Stored dataset items:
------------------------------------------------

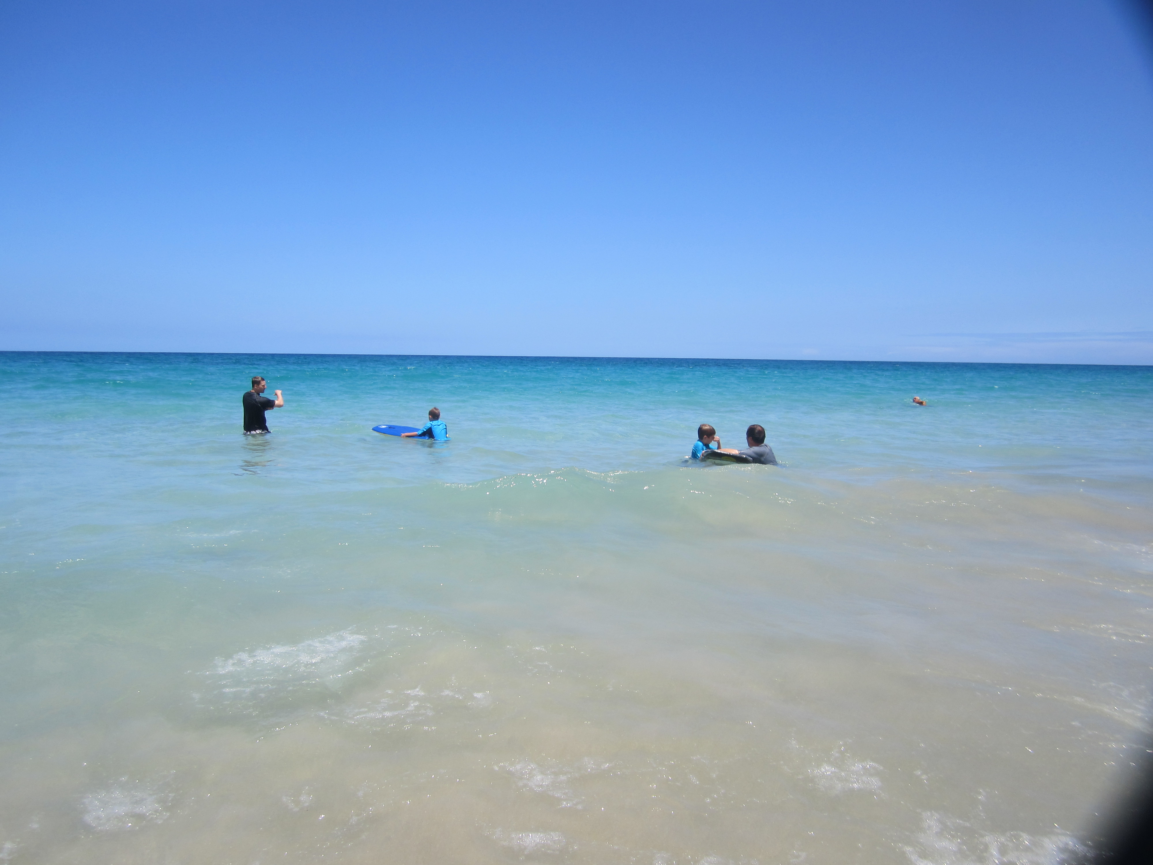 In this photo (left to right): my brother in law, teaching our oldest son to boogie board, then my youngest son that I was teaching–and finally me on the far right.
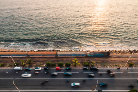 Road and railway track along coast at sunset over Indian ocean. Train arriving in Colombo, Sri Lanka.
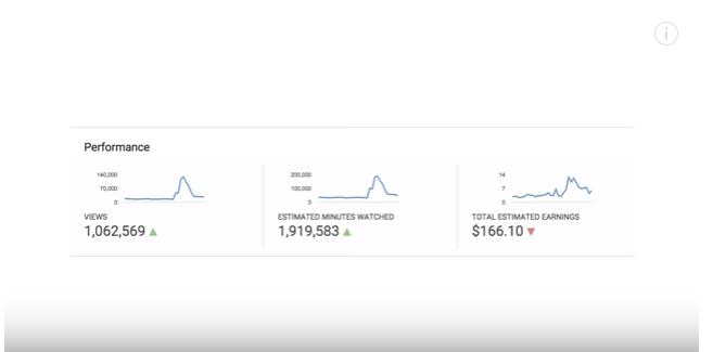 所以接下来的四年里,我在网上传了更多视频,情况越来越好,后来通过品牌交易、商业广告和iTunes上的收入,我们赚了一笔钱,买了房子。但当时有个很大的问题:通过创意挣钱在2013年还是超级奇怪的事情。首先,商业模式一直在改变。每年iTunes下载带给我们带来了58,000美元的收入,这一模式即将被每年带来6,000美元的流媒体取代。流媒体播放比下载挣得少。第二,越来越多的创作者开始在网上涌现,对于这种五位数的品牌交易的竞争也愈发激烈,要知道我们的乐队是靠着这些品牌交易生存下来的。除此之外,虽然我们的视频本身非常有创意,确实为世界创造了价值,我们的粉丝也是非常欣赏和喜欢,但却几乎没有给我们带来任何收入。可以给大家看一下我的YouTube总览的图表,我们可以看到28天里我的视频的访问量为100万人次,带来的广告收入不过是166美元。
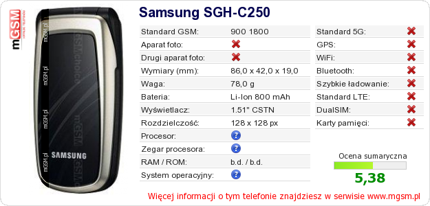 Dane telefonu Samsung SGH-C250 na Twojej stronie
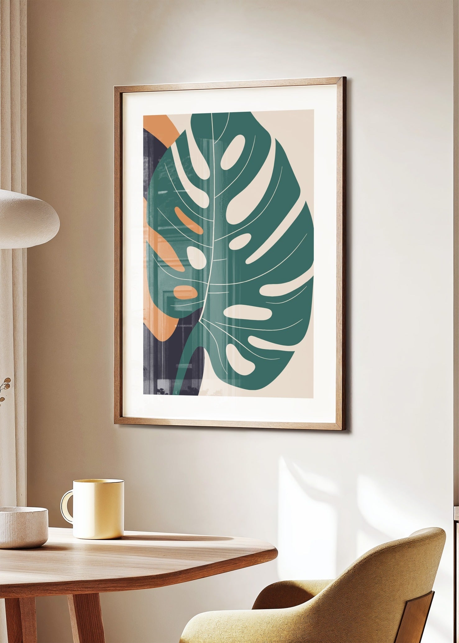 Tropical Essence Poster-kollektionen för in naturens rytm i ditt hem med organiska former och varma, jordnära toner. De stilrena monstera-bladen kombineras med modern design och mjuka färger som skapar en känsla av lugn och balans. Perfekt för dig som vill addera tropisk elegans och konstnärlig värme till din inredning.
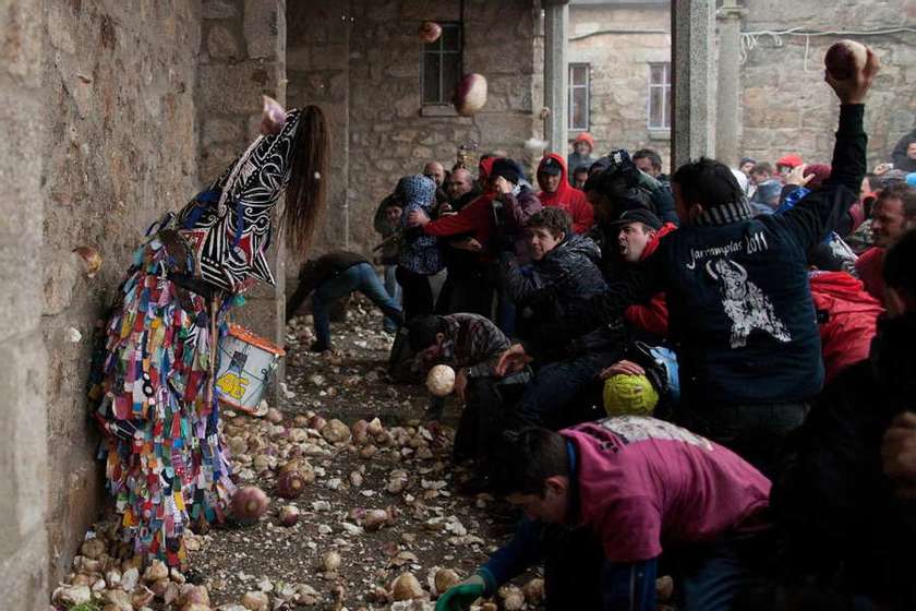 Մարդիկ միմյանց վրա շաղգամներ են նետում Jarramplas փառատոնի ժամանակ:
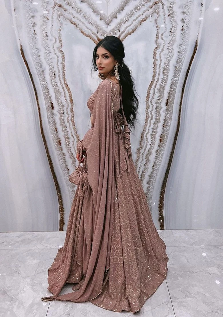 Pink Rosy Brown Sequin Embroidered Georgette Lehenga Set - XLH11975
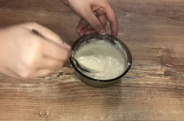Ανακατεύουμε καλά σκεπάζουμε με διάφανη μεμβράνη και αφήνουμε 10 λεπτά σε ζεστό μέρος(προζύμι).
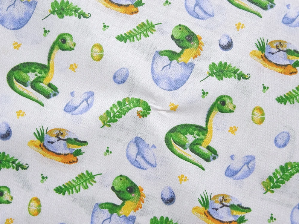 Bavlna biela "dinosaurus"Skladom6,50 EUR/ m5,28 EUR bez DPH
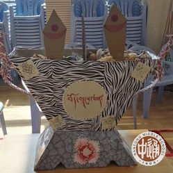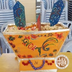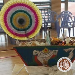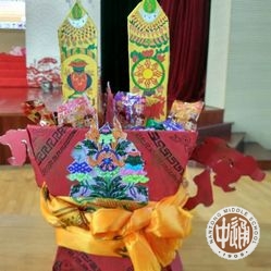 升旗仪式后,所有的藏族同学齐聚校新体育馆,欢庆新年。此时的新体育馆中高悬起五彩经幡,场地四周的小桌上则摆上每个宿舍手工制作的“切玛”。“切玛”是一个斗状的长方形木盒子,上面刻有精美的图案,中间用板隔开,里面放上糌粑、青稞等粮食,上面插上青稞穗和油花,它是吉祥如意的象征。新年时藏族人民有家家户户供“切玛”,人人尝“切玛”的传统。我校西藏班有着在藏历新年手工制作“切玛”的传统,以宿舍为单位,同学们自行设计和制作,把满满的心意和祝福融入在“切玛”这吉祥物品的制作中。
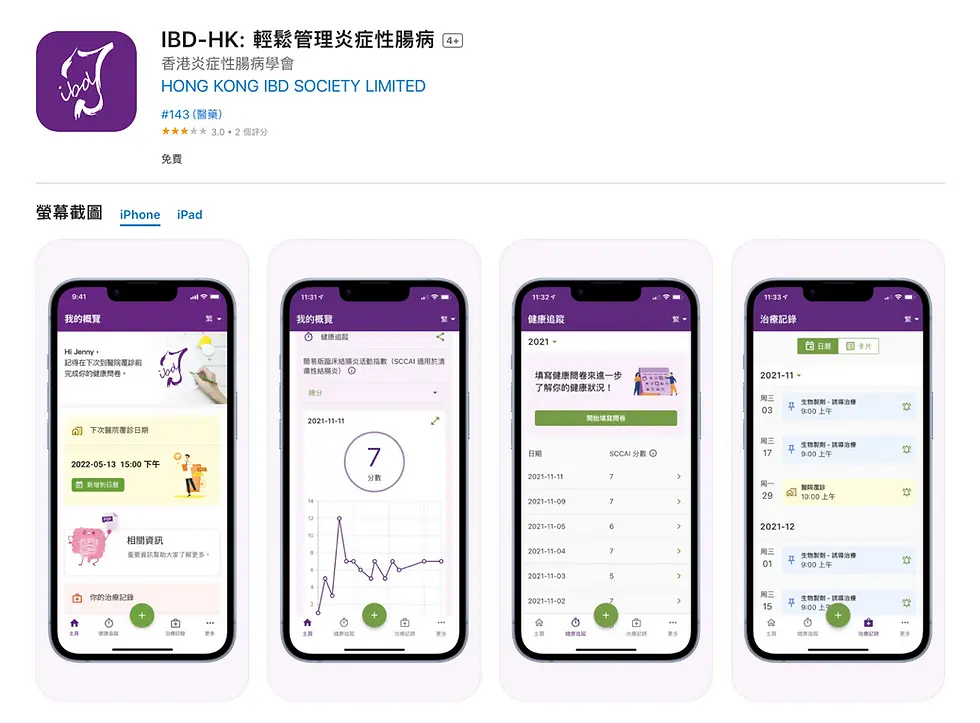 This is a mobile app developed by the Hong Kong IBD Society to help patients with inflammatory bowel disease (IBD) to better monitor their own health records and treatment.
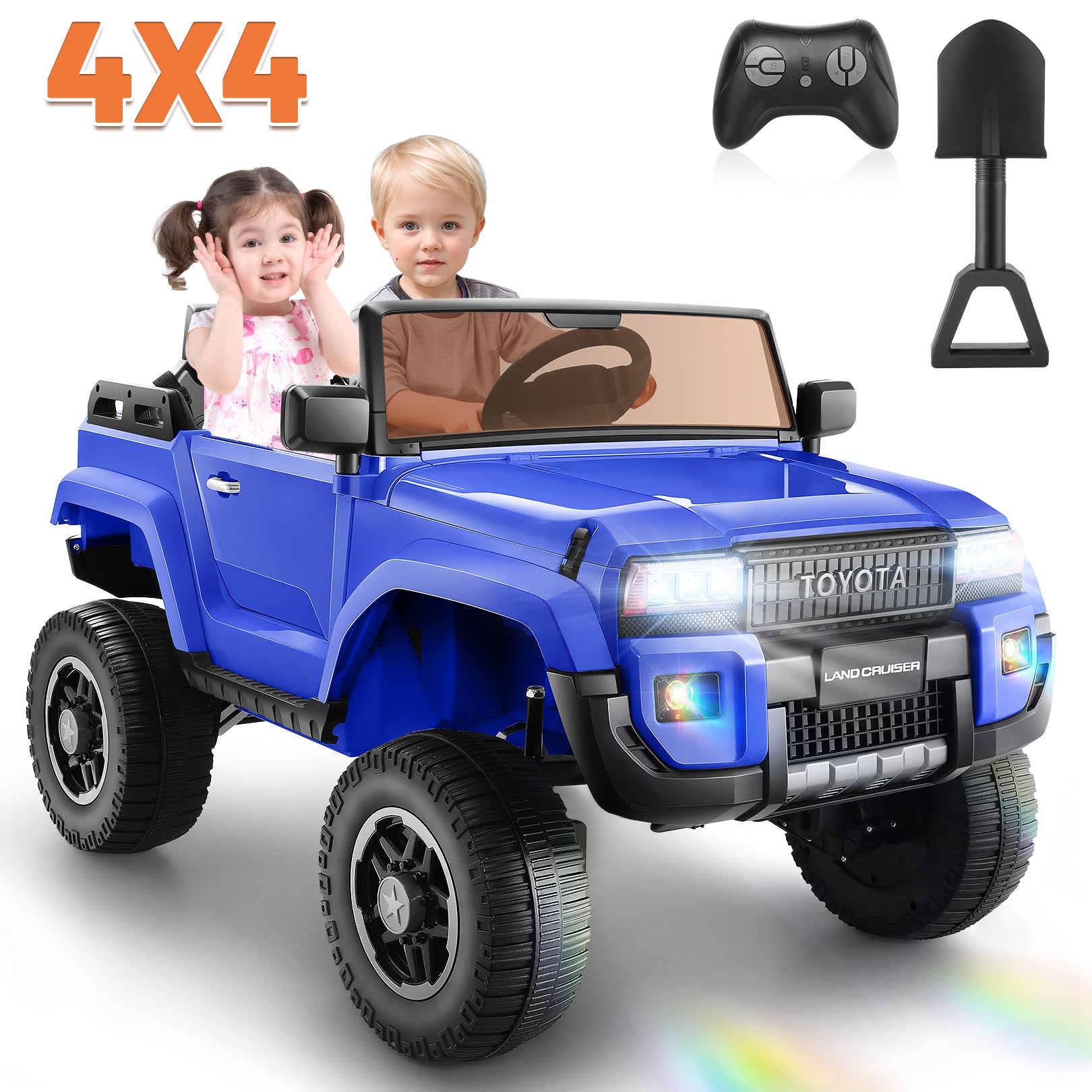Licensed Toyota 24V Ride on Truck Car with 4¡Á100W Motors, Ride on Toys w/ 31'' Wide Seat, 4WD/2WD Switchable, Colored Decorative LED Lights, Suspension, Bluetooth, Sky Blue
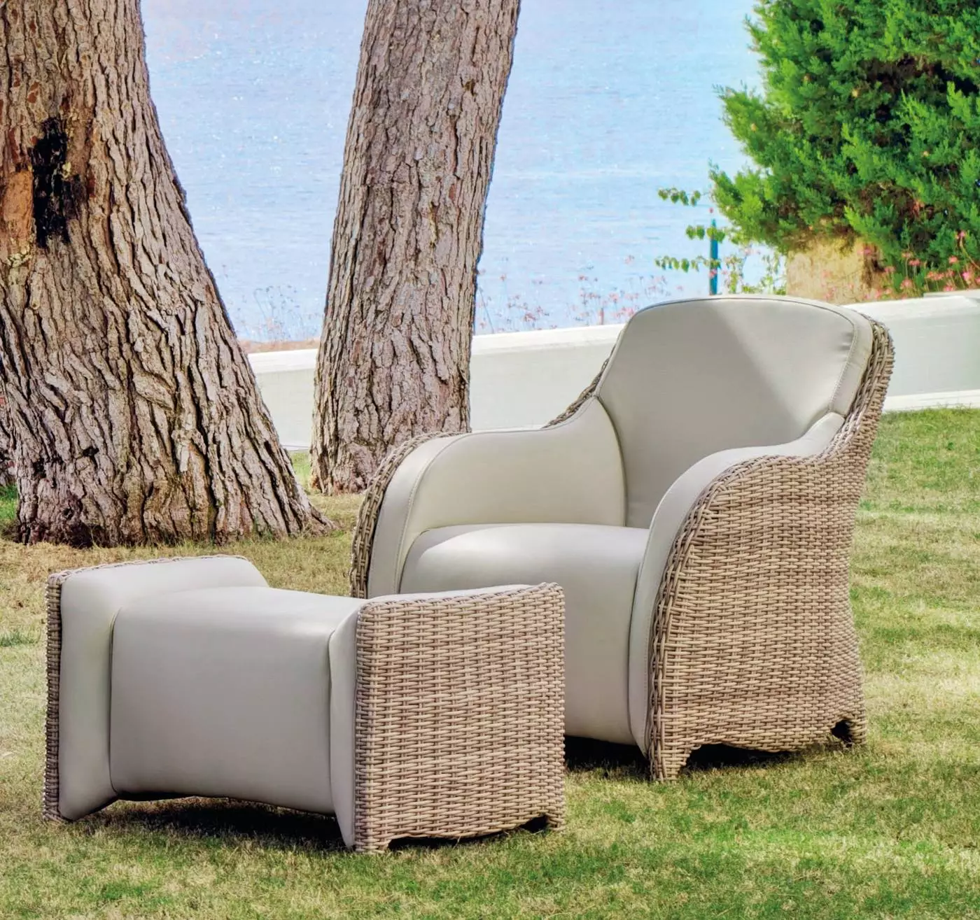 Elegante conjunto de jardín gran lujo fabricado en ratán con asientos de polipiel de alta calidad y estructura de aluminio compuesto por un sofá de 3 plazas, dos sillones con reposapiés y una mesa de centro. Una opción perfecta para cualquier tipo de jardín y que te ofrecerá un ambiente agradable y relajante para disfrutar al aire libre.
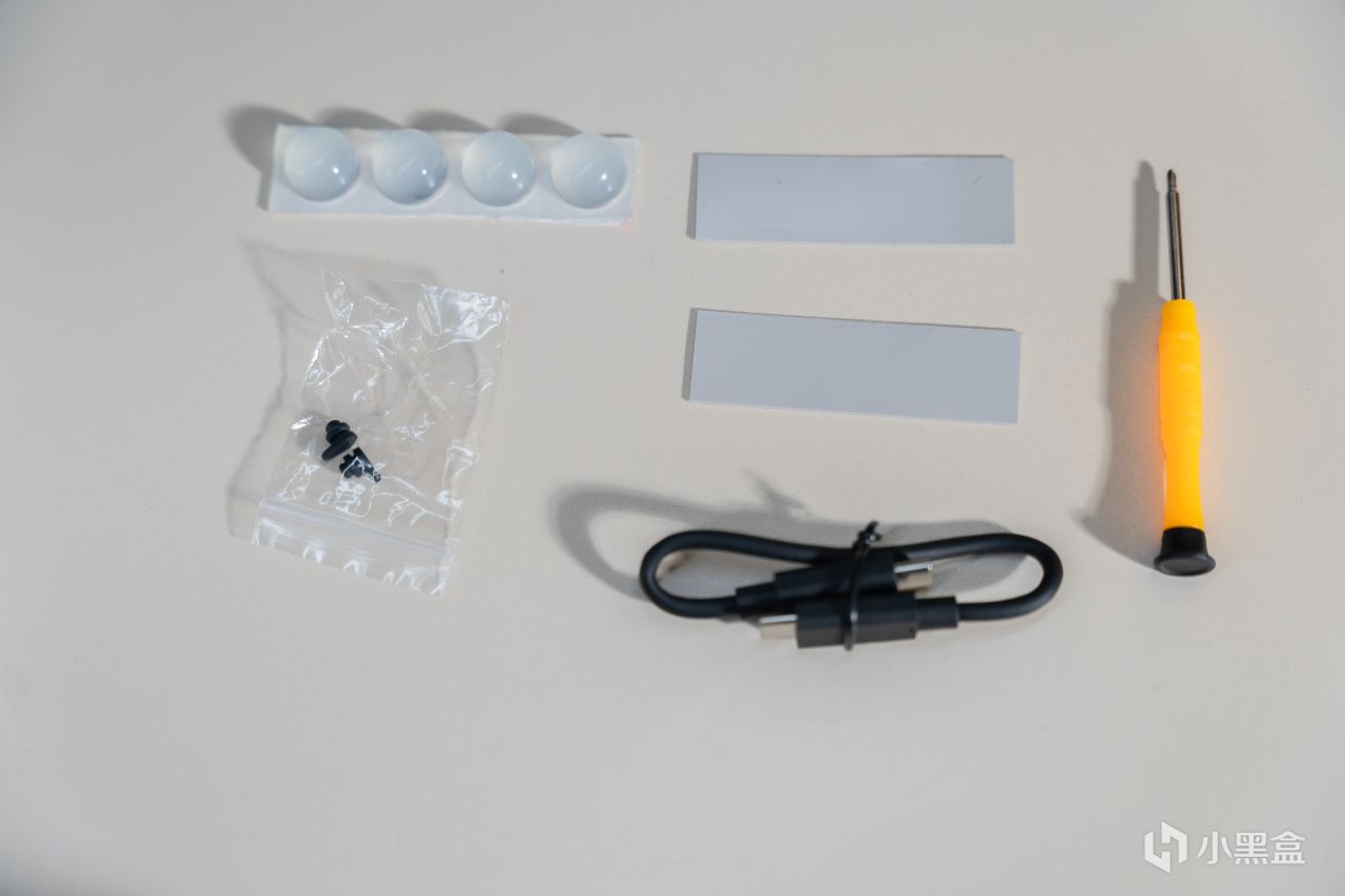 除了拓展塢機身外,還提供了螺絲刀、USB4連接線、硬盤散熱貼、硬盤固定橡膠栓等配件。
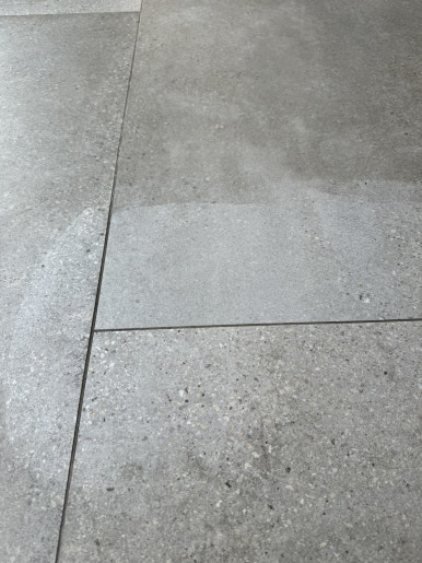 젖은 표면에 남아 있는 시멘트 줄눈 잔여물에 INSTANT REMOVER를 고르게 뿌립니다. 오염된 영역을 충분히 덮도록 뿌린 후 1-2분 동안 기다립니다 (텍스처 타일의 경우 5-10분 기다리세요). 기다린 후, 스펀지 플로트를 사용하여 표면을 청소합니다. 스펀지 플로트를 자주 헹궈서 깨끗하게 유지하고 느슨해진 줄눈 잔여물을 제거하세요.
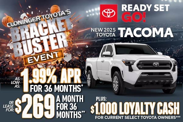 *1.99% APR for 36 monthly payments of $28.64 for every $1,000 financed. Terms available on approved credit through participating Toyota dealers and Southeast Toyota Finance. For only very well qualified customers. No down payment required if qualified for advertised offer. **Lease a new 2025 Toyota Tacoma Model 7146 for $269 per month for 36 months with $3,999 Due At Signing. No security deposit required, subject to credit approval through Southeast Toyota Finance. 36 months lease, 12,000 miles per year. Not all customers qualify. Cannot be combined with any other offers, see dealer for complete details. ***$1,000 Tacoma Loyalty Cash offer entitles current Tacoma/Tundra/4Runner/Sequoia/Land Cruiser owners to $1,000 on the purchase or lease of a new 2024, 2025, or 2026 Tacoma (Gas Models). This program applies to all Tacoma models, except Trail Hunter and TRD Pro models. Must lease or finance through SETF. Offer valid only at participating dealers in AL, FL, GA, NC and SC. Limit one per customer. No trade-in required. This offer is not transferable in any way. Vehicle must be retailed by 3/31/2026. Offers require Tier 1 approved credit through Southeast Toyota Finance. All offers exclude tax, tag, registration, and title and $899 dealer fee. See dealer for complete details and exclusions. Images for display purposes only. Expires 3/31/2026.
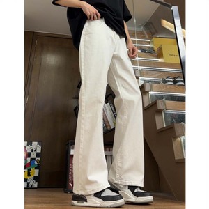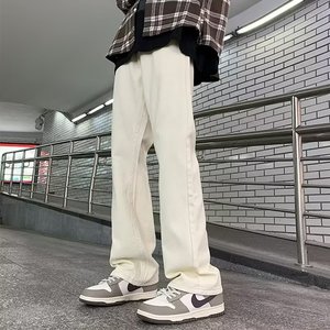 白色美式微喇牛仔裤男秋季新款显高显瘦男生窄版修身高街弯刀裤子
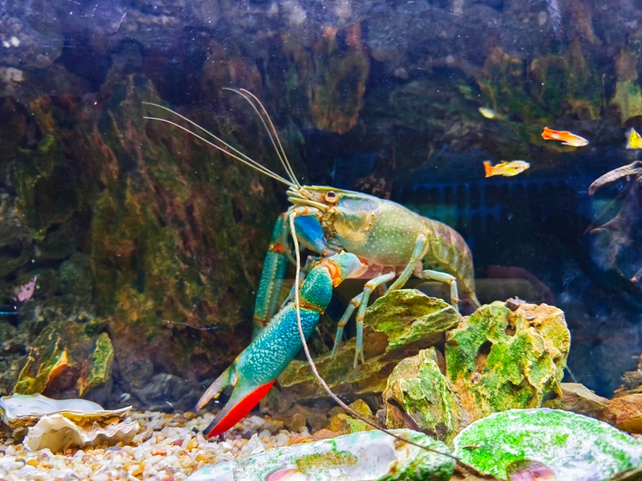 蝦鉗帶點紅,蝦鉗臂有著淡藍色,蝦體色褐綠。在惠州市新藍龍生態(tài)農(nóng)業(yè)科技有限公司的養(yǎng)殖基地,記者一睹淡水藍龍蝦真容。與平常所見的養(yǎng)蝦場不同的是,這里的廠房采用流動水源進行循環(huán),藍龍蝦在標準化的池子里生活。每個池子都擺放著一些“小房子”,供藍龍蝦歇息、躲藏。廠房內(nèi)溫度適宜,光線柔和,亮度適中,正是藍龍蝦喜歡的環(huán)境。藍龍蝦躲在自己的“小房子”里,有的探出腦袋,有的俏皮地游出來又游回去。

------------------------------------------------

Of the records above, print only the lines from the one containing "Ανακατεύουμε καλά σκεπάζουμε" through the one containing "EUR bez DPH", inclusive and unaltered, leaving out pictures.

Ανακατεύουμε καλά σκεπάζουμε με διάφανη μεμβράνη και αφήνουμε 10 λεπτά σε ζεστό μέρος(προζύμι).
 Bavlna biela "dinosaurus"Skladom6,50 EUR/ m5,28 EUR bez DPH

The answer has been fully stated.